## TASK TO COMPLETE
Transcribe, word for word, only the lines from the one containing "Des weiteren möchte" through the end of the material below. Pictures stay out.

######

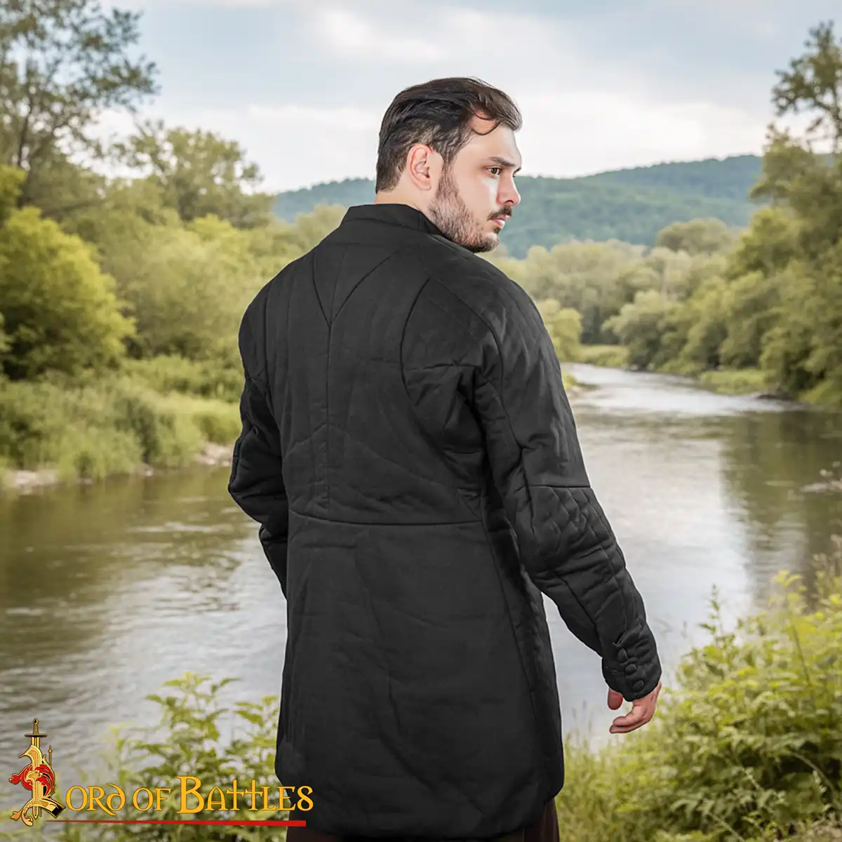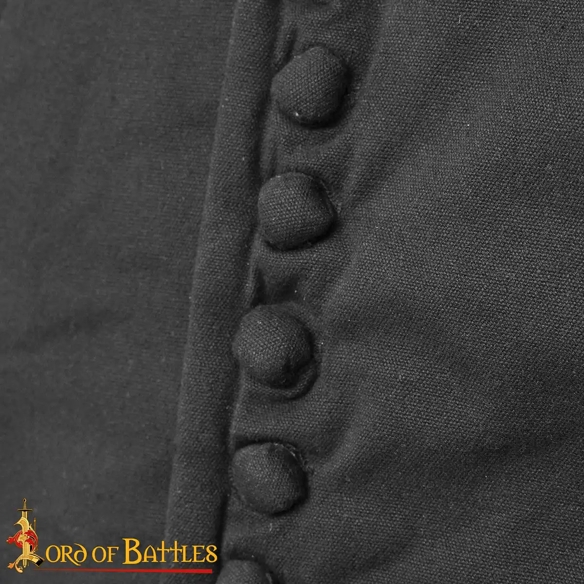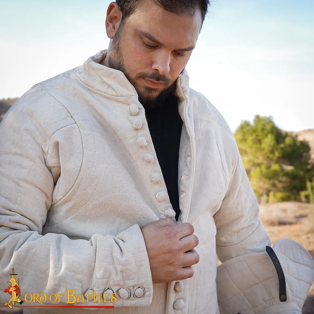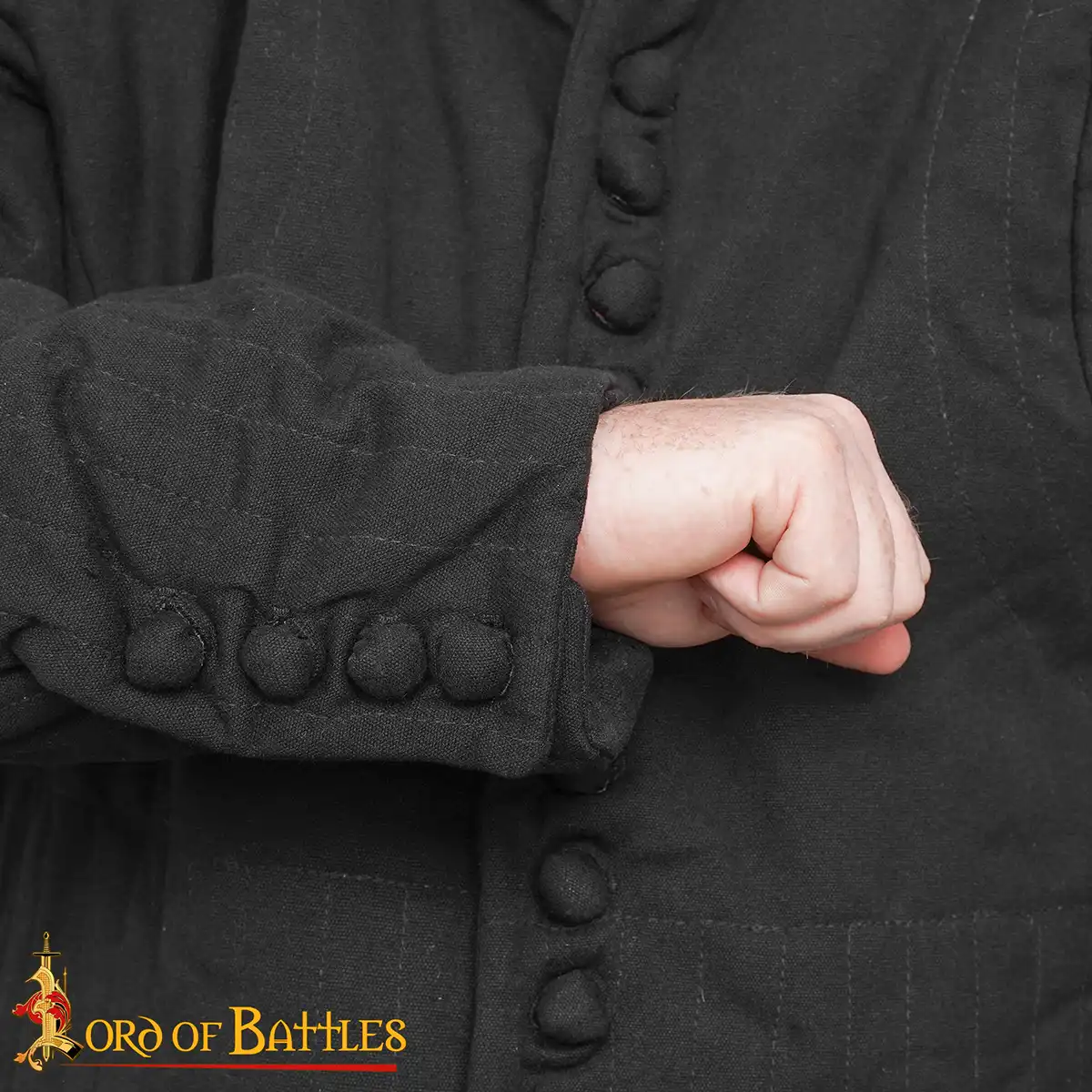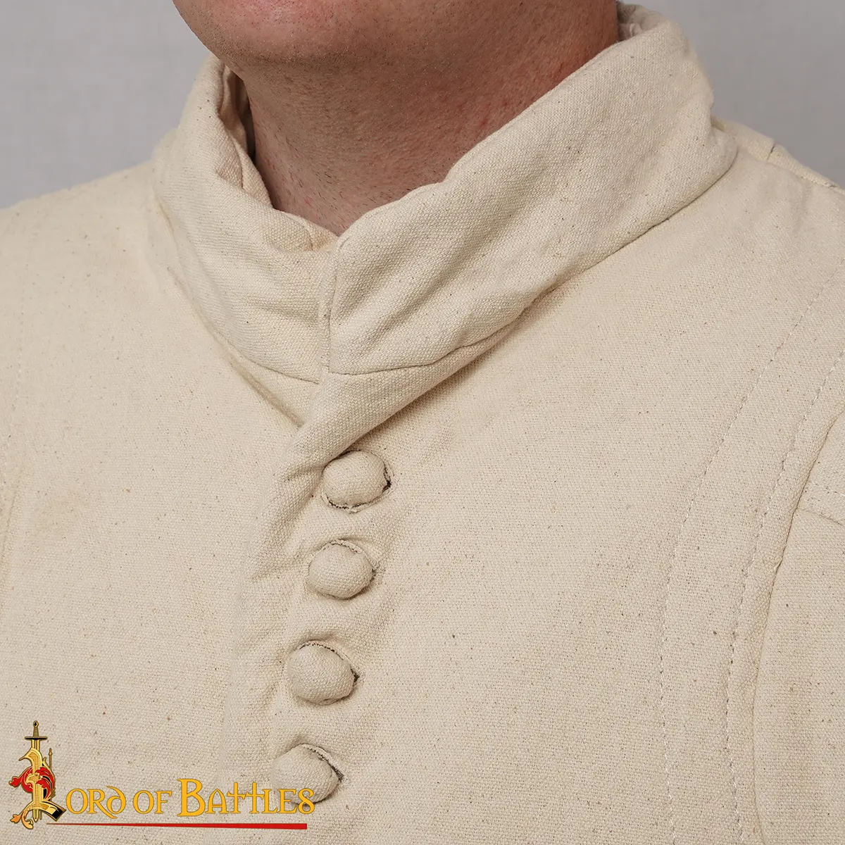 The buttoned front gives an adjustable fit and adds to the garment’s historical character. The raised, padded collar improves neck protection, while the vertical channels keep the internal padding from shifting during activity.
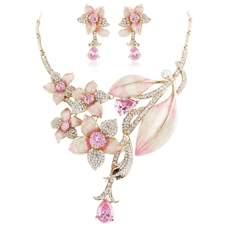 EVER FAITH Hibiscus Leaf Necklace Earrings Set Cubic Zirconia Crystal Pink Gold-Tone
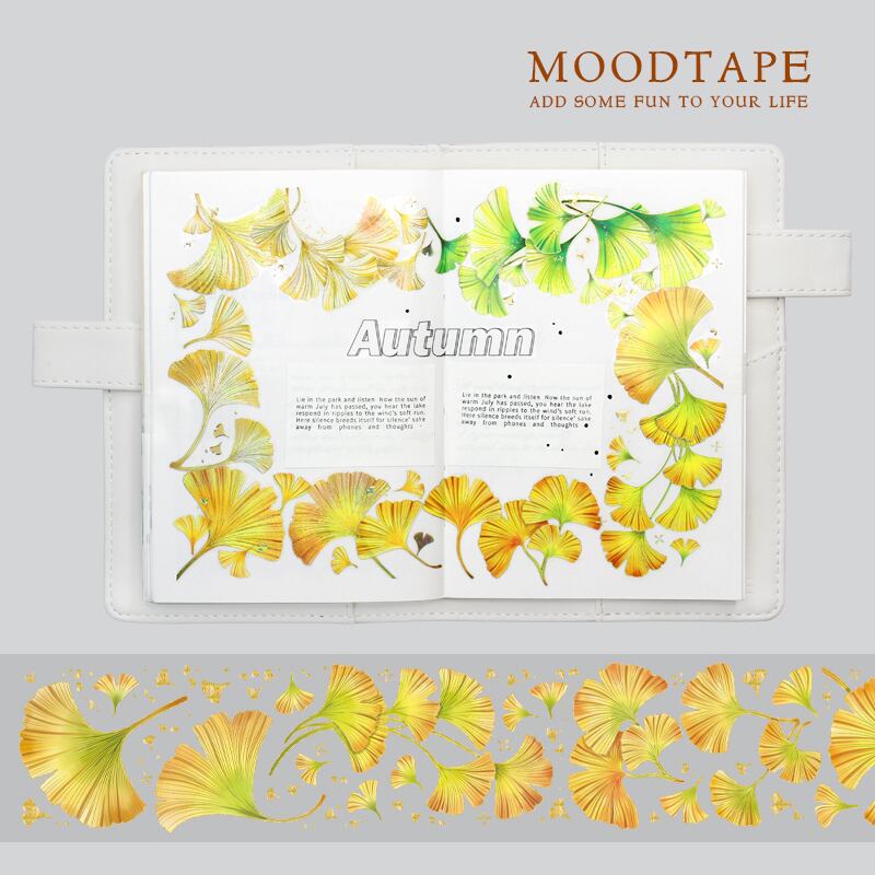 MOT354 moodtape【银杏婉约】立体オーロラ金加工 PETテープ 白インク 剥離紙
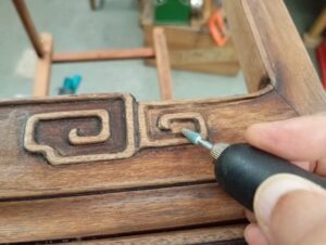 Adoramos pau-rosa (!!) e dedicámos horas infinitas a libertar a madeira do verniz velho e já escurecido de muitas décadas de uso.
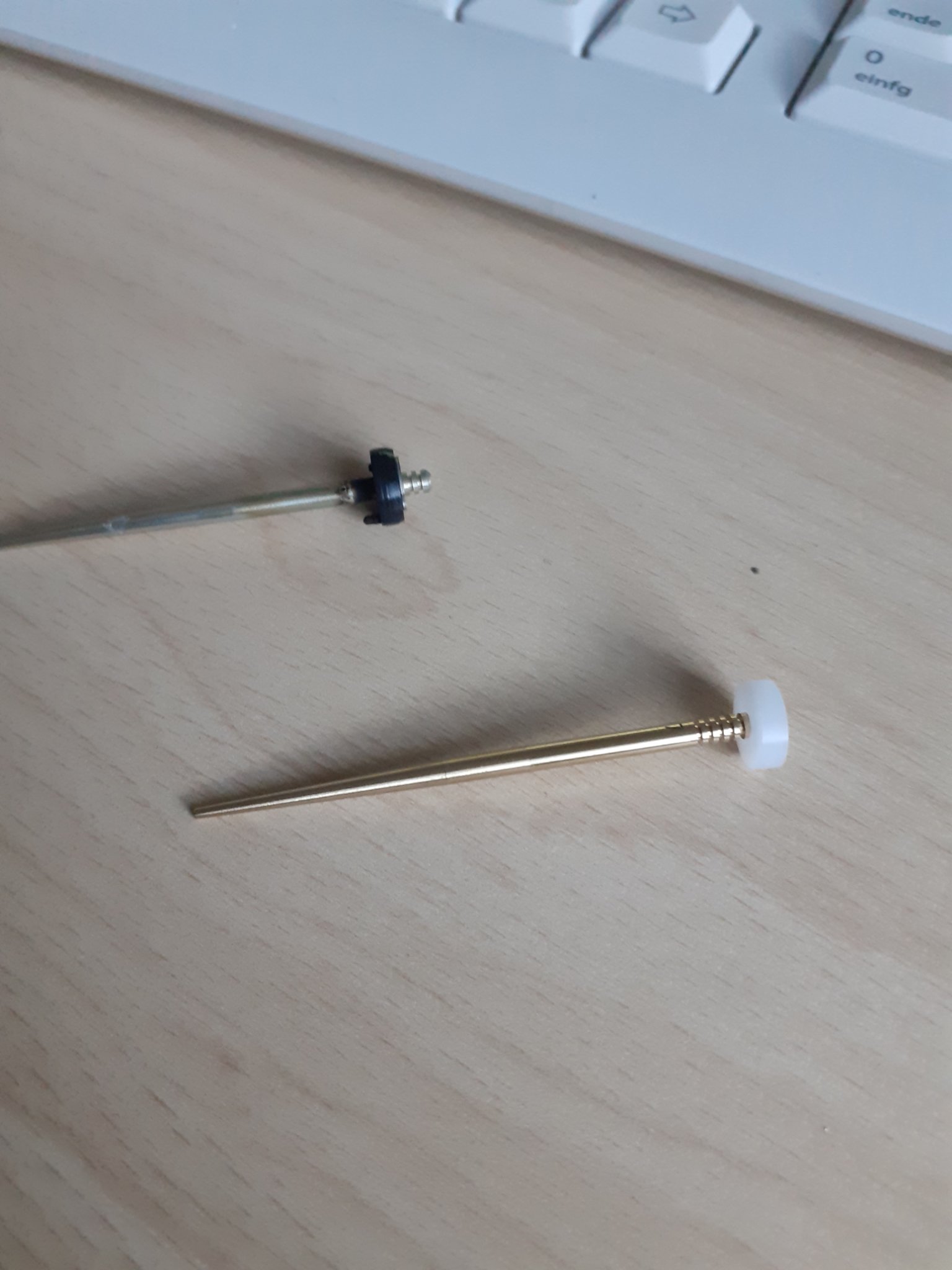 Des weiteren möchte ich die Große Düsennadel wechseln .Das orig. hat den schwarzen Ring fest verklebt an der Nadel . Bei der neuen muss ich den ring hier Weiß aufschieben . Jetzt meine frage schiebe ich von der spitze her oder über die Einkerbungen ? auch hier ein paar Bilder. jetzt schon mal Danke für eure Hilfe.
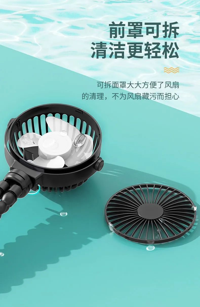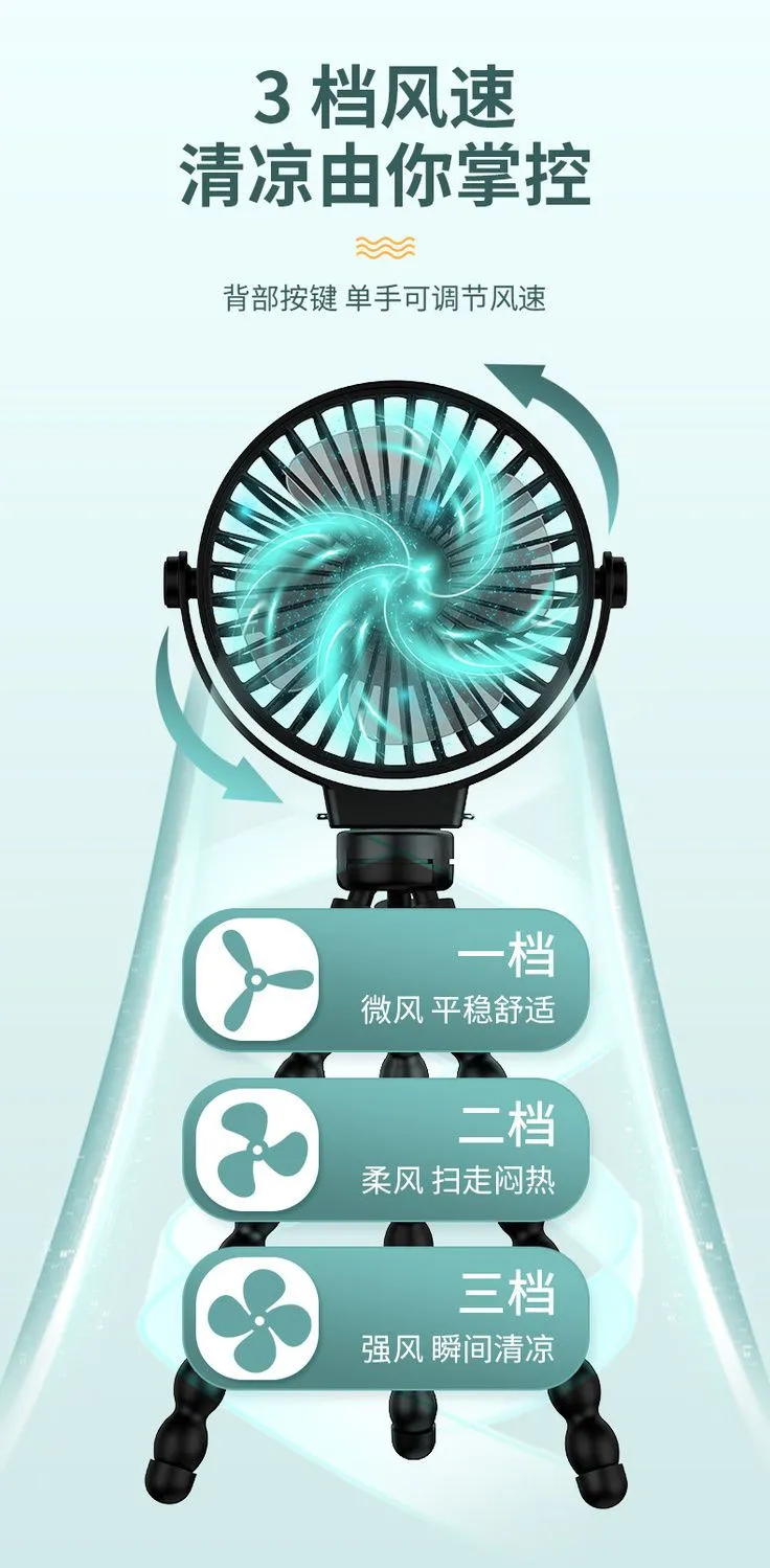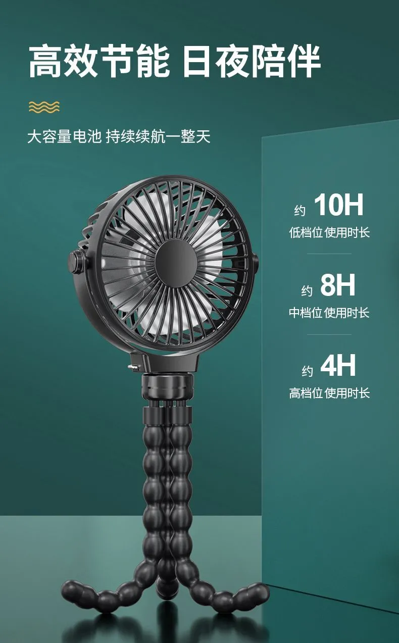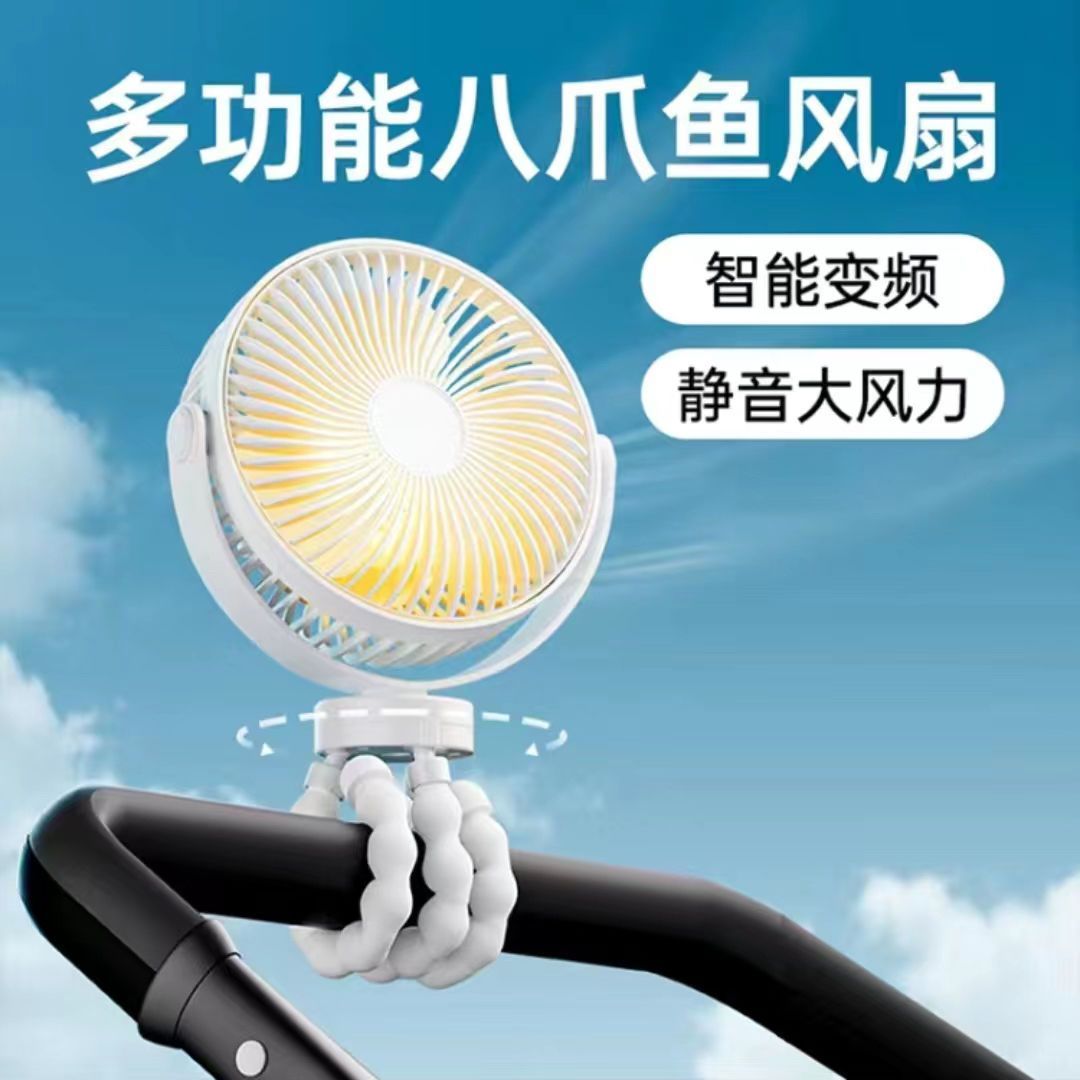 婴儿车悬挂USB充电夹子风扇桌面长续航八爪鱼静音儿童宝宝风扇

######

## SOLUTION TO THE EXERCISE
 Des weiteren möchte ich die Große Düsennadel wechseln .Das orig. hat den schwarzen Ring fest verklebt an der Nadel . Bei der neuen muss ich den ring hier Weiß aufschieben . Jetzt meine frage schiebe ich von der spitze her oder über die Einkerbungen ? auch hier ein paar Bilder. jetzt schon mal Danke für eure Hilfe.
 婴儿车悬挂USB充电夹子风扇桌面长续航八爪鱼静音儿童宝宝风扇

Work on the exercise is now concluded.